Wednesday, January 16, 2013

Below Stairs by Margaret Powell (book review)

I so want to read more books this year than last year and I'm making headway on that (helps I was sick the past few days and made it halfway through one book and today I made it a quarter way through another). Anyway, I like to mix up my book likes with fiction, nonfiction, Christian disciplines, etc.

Below Stairs by Margaret Powell was the inspiration behind Downton Abbey. If you haven't seen this show, check it out. It's on its third season on PBS; I can't wait for this season to be over so I can watch it on Netflix. Yes, first world problem.

Below Stairs is a memoir of a really lower-class gal, Margaret, who became a kitchen maid and then eventually a cook. She details her life at different houses she worked for. I know that sometimes people still look down upon those of a lesser economic status but it's nothing compared to those times! The help was seen as almost subhuman; it's crazy. Downton Abbey almost romanticizes the staff and even some parts of their lives, but Below Stairs does not.

She talks about the hard work they had to do, their long hours, their awful pay. Even how Christmas was no fun because they had to be so thankful to work for their employers - even if the employers were awful. I'm glad she does talk about working in some houses where the employers saw their employees as human and wanted them to be happy so provided a nice home and decent pay.
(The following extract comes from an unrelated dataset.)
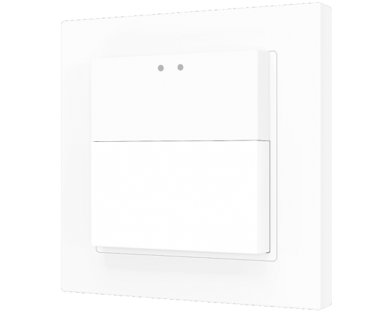 Motion detector for in-wall flush mounting into 55 x 55 mm frame with no button (Presentia W0 v2), one (Presentia W1 v2) or two (Presentia W2 v2) buttons with customisable backlit icons. Fitting with Tecla 55, Flat 55 family and Zennio ZS55 frames, switches and sockets. Detection area of 180º and up to 10 meters length of detection. It includes several channels to be configured for lighting switching control according to luminosity threshold or according to motion detection only. It has two independent sensors whose sensitivity settings can be adjusted for each sensor individually. Master/slave configuration allows using several detectors for larger areas. Installation in standard mounting box with 55 x 55 frames of 1/2/3/4 module (white, anthracite or silver). Frame not included.

The back of the book said this was part one of her memoirs but I don't think the others got published. It would have been interesting to read more about her children after she got married. But very good, simple read if you're looking to know more about that time period (1920-ish).

Disclaimer: I read this book on my own. Opinions are my own.

1 comment:

Linda said...

I'd LOVE to read that. And not all employers were bad. The Vanderbilts of Biltmore were wonderful to their staff.